GA’s Sam Ritz (left), a senior headed for Columbia University, won the high school elite 800 meter run over PIAA state champion John Lewis (right), a Cheltenham High School senior who will run for Clemson. (Photo by Tom Utescher)

by Tom Utescher

More than 30 area runners travelled out to West Chester last Tuesday evening to compete in the 10th Annual John Hay Memorial Distance Festival at Henderson High School. Some were taking their last laps of the 2015 outdoor season, while a number of elite runners were looking forward to the New Balance® Outdoor Nationals, which will be held in North Carolina in the middle of the month.

In the marquis events toward the end of last week’s Distance Festival, a pair of outstanding performances in the “Elite” 800 meter races were turned in by Germantown Academy senior Sam Ritz and Germantown Friends School junior Sarah Walker.

Ritz, the reigning state indoor champion in the mile, was facing Cheltenham High School senior John Lewis, who had won the PIAA Class AAA title in the 800 on May 23, recording the second-fastest time in the country for 2015. The Columbia-bound Ritz won in 1:50.72 (a U.S. number- four time), edging out Lewis (1:50.93) and third-place Dom Perretta (1:51.27). Perretta is the PIAA Class AA champ from Beaver Falls High School, which is located about 30 miles north of Pittsburgh.

“I knew I was in the kind of shape to do it – I might even be a little faster than I ran,” Ritz remarked. “As a miler running the 800, I’m not as fast early in the race as some guys, but I’ve got strength at the end. I want to save it for the last 100 meters, because I’ll need that for the big championship races.”

Walker was not challenged down the stretch in the girls’ race, but still pushed herself to a new personal record of 2:06.43 on the Henderson oval, where she had established PR’s in 2013 and 2014 (2:06.62). Initially, she seemed a little disappointed when she learned of her time, even though it netted her fourth-place in the latest national rankings.

“I felt good,” she said. “I was expecting some people to be with me and push the last 200, but that didn’t happen.
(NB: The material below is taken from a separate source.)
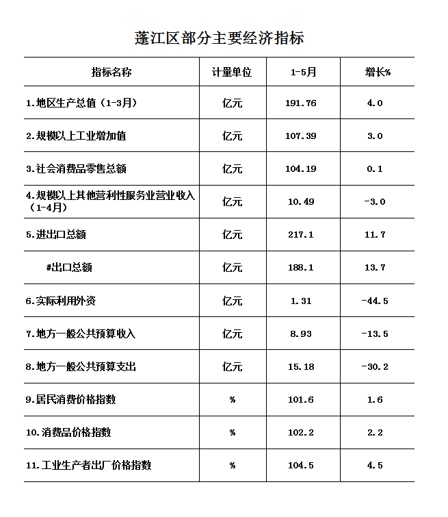 5月以來(lái),蓬江區(qū)部分指標(biāo)運(yùn)行有所向好,但整體勢(shì)頭未見明顯改善,經(jīng)濟(jì)增長(zhǎng)壓力仍然存在較多不確定因素。

I was looking for 2:05, maybe even 2:04, but my coach said I didn’t need to peak tonight and that we were looking to the next couple of weeks.”
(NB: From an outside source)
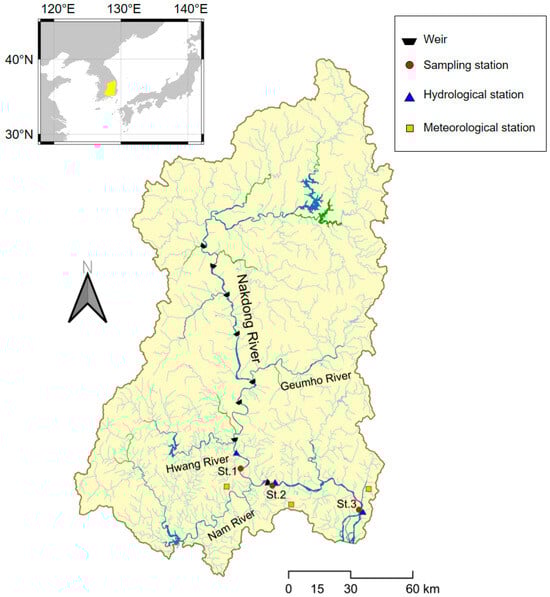 The Nakdong River, the second largest river in the nation, has a length of 511 km and a catchment area of 23,690 km2 (Figure 1). The river has a typical temperate monsoon climate, with a mean annual precipitation of approximately 1500 mm.

The Tigers junior will be running in the Caribbean Scholastic Invitational in Cuba this weekend, and then will compete at the Outdoor Nationals on June 19-21.
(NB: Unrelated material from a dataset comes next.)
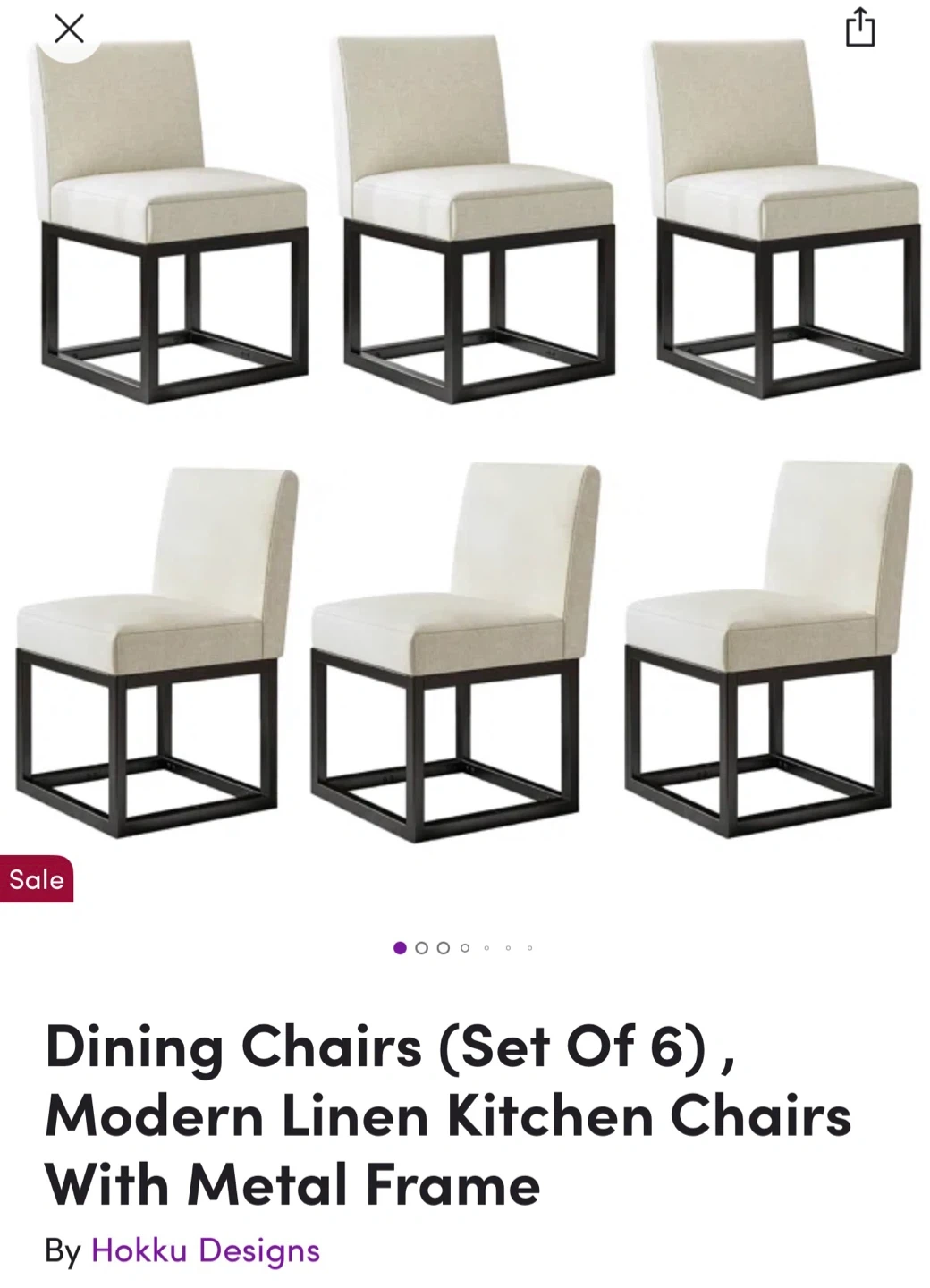 18Smoke free, pet free home all chairs have been steamed clean . Selling a set of six modern linen kitchen chairs by Hokku Designs. They feature a sleek metal frame and a comfortable linen seat. Perfect for adding a touch of modern elegance to your dining space!

There were even a few events for sprinters at the Distance Festival in West Chester, and three of the five Springside Chestnut Hill Academy entrants took advantage of this. Senior Alex Mollick, who will attend Johns Hopkins and who set new records in the 100 and 200-meter dash at the Pennsylvania Independent Schools championships last month, won the 200 at Henderson in 22.65 seconds. A one-two-three sweep for the Blue Devils was completed by Mollick’s classmates Sam Grasso (23.70) and Phil Giovinazzo (23.77).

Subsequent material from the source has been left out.